Florida’s Chief Financial Officer and Fire Marshal, Jimmy Patronis, has recommended that state retirement fund managers examine Bitcoin as a potential investment for the state’s portfolio, reflecting a trend among U.S. states exploring Bitcoin for diversification.
In an October 29th letter addressed to Chris Spencer, Executive Director of the Florida State Board of Administration (SBA), Patronis described Bitcoin’s potential as a stabilizing asset, often referred to as “digital gold.”
He requested a report on the feasibility, risks, and potential benefits of including digital assets in Florida’s retirement fund portfolio, with findings due by March 4th, 2025.
Currently, the SBA manages over 30 funds, including the $205 billion Florida Retirement System Trust Fund as of September 30th.
Under the Florida Growth Fund, the SBA has authority to allocate up to 1.5% of the trust fund to high-growth investments and has invested around $998 million in recent years.

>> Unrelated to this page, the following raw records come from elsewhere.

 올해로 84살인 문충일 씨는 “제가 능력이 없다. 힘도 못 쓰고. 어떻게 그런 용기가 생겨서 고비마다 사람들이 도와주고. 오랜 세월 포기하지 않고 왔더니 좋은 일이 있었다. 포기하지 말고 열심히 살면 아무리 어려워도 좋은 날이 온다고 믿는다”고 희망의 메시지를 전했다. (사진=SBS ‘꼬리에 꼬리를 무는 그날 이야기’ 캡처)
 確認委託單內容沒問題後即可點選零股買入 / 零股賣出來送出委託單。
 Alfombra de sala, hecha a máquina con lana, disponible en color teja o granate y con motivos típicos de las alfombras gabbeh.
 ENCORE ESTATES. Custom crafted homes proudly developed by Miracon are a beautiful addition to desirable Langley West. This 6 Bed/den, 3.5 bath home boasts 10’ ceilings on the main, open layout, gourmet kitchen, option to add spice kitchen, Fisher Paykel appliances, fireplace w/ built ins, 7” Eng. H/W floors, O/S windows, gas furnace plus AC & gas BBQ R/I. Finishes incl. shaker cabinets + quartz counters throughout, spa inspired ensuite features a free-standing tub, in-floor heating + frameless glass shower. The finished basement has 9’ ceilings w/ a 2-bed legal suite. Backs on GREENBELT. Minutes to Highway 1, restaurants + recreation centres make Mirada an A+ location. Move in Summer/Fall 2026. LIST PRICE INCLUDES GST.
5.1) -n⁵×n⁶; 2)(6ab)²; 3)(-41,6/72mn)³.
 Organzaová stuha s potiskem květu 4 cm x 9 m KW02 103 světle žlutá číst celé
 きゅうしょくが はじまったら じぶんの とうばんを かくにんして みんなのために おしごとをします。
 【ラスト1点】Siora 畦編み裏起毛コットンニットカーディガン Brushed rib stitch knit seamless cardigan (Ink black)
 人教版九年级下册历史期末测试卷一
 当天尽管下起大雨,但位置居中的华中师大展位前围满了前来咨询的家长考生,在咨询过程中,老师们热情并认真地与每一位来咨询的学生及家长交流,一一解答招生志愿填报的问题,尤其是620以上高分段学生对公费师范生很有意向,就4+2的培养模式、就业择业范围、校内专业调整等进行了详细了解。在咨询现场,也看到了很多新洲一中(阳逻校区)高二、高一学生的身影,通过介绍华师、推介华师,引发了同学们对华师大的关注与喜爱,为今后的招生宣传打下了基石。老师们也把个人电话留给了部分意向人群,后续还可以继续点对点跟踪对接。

Patronis proposed using this vehicle to pilot a “Digital Currency Investment Program” to explore Bitcoin's potential within the growth-focused portfolio.
In his letter, Patronis emphasized that the primary duty in managing state pensions is to deliver returns for public sector retirees, adding that Bitcoin could potentially strengthen investment returns.
He further noted that a state investment in Bitcoin aligns with Governor Ron DeSantis’ position against central bank digital currencies (CBDCs), highlighting Bitcoin as a decentralized alternative to centralized currencies.
If adopted, Florida would join states like Wisconsin and Michigan in including Bitcoin in public retirement funds.
Wisconsin’s investment board disclosed a $164 million investment in Bitcoin exchange-traded funds (ETFs), while Michigan reported a smaller allocation to a Bitcoin ETF from ARK 21Shares.